Brief »
Filter the entries, keeping every line with the string "your".

Materials provided »
• • • • • • •

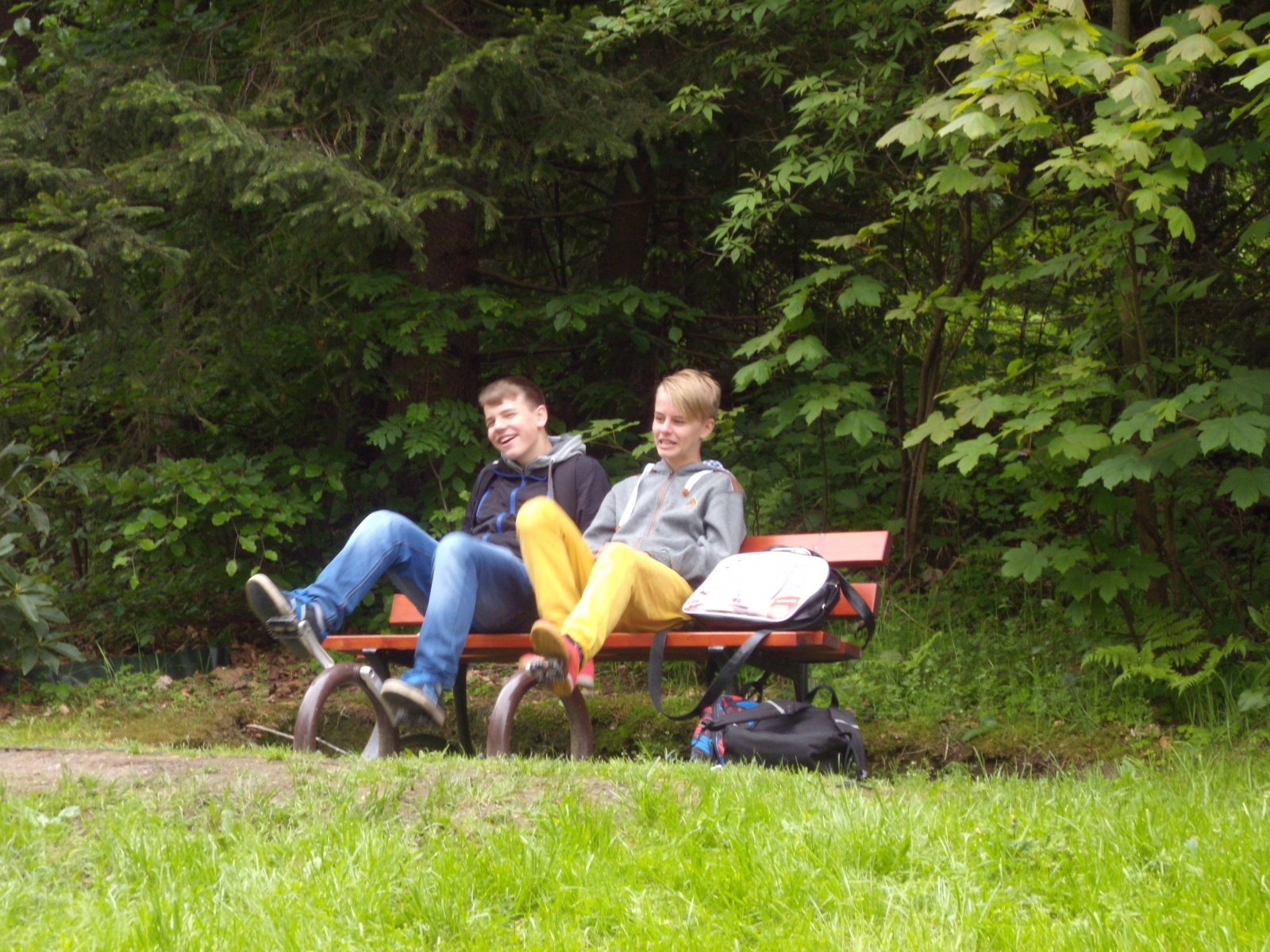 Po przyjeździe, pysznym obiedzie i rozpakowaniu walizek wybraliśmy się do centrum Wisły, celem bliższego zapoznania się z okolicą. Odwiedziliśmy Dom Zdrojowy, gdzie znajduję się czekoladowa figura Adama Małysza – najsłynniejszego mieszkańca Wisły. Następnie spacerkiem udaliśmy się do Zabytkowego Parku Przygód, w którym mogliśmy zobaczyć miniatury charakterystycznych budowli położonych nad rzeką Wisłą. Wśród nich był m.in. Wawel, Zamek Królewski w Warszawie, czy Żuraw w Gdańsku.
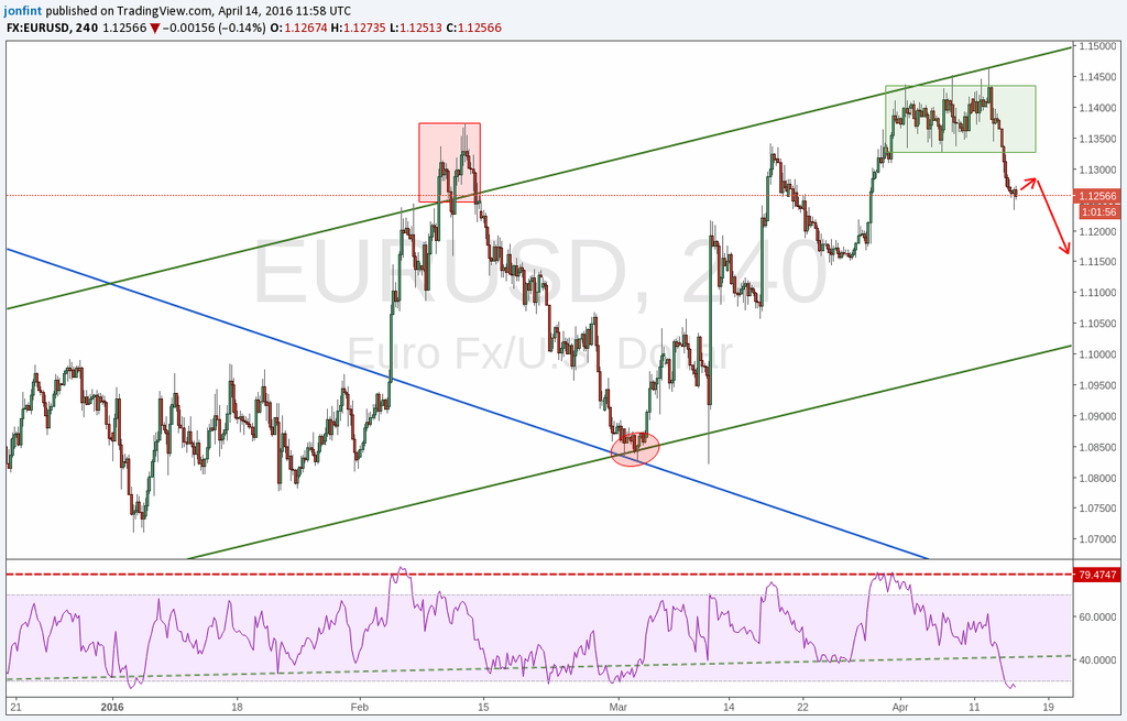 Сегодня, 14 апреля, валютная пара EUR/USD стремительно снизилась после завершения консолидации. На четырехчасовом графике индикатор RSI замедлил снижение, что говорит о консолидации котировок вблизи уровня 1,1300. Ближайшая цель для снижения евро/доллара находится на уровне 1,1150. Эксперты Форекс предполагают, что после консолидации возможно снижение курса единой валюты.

• • • • • • •

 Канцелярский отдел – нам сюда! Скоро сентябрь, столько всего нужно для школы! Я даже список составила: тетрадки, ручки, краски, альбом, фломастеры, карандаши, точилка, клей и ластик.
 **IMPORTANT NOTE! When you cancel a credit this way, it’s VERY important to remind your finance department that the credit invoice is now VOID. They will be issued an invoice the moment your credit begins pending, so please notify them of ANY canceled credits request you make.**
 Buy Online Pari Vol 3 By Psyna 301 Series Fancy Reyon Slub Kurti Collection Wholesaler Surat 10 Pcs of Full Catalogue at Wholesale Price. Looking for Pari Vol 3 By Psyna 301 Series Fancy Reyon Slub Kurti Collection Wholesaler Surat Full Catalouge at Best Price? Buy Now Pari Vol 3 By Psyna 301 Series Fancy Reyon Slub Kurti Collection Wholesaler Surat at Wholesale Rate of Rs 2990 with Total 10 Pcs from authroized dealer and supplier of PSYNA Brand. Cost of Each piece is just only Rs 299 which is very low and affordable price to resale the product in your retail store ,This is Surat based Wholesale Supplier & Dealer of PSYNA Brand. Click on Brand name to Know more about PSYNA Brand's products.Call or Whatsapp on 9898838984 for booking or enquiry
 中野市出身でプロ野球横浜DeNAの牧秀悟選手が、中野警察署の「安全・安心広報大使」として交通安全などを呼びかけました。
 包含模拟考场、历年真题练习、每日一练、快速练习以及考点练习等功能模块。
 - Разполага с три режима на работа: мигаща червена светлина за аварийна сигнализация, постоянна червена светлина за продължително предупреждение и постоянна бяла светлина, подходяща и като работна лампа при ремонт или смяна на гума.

• • • • • • •

Solution for this problem »
 **IMPORTANT NOTE! When you cancel a credit this way, it’s VERY important to remind your finance department that the credit invoice is now VOID. They will be issued an invoice the moment your credit begins pending, so please notify them of ANY canceled credits request you make.**
 Buy Online Pari Vol 3 By Psyna 301 Series Fancy Reyon Slub Kurti Collection Wholesaler Surat 10 Pcs of Full Catalogue at Wholesale Price. Looking for Pari Vol 3 By Psyna 301 Series Fancy Reyon Slub Kurti Collection Wholesaler Surat Full Catalouge at Best Price? Buy Now Pari Vol 3 By Psyna 301 Series Fancy Reyon Slub Kurti Collection Wholesaler Surat at Wholesale Rate of Rs 2990 with Total 10 Pcs from authroized dealer and supplier of PSYNA Brand. Cost of Each piece is just only Rs 299 which is very low and affordable price to resale the product in your retail store ,This is Surat based Wholesale Supplier & Dealer of PSYNA Brand. Click on Brand name to Know more about PSYNA Brand's products.Call or Whatsapp on 9898838984 for booking or enquiry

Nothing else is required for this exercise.